DATA TO PROCESS
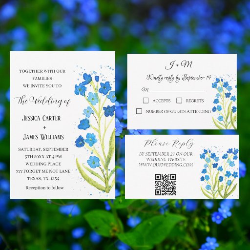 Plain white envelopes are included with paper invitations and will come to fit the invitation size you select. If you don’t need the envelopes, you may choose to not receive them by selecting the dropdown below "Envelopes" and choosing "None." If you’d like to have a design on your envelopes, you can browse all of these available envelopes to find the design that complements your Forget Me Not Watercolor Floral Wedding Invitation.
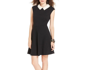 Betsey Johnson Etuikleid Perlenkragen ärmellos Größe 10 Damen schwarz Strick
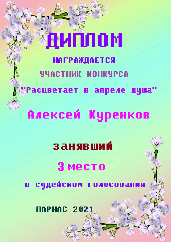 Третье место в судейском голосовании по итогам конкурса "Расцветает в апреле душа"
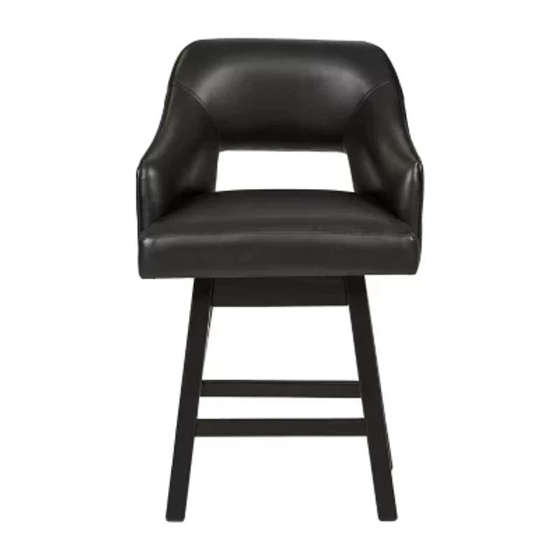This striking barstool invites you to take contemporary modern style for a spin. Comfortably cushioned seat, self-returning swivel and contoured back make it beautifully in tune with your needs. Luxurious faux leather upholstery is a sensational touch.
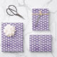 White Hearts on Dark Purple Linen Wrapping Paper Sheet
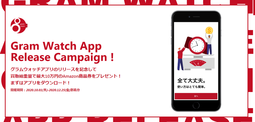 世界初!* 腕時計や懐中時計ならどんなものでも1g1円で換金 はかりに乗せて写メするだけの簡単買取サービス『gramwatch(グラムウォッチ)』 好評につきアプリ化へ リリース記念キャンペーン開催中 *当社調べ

YOUR GOAL
Retype the entire listing exactly as it appears, dropping only the pictures.

EXPECTED ANSWER
 Plain white envelopes are included with paper invitations and will come to fit the invitation size you select. If you don’t need the envelopes, you may choose to not receive them by selecting the dropdown below "Envelopes" and choosing "None." If you’d like to have a design on your envelopes, you can browse all of these available envelopes to find the design that complements your Forget Me Not Watercolor Floral Wedding Invitation.
 Betsey Johnson Etuikleid Perlenkragen ärmellos Größe 10 Damen schwarz Strick
 Третье место в судейском голосовании по итогам конкурса "Расцветает в апреле душа"
This striking barstool invites you to take contemporary modern style for a spin. Comfortably cushioned seat, self-returning swivel and contoured back make it beautifully in tune with your needs. Luxurious faux leather upholstery is a sensational touch.
 White Hearts on Dark Purple Linen Wrapping Paper Sheet
 世界初!* 腕時計や懐中時計ならどんなものでも1g1円で換金 はかりに乗せて写メするだけの簡単買取サービス『gramwatch(グラムウォッチ)』 好評につきアプリ化へ リリース記念キャンペーン開催中 *当社調べ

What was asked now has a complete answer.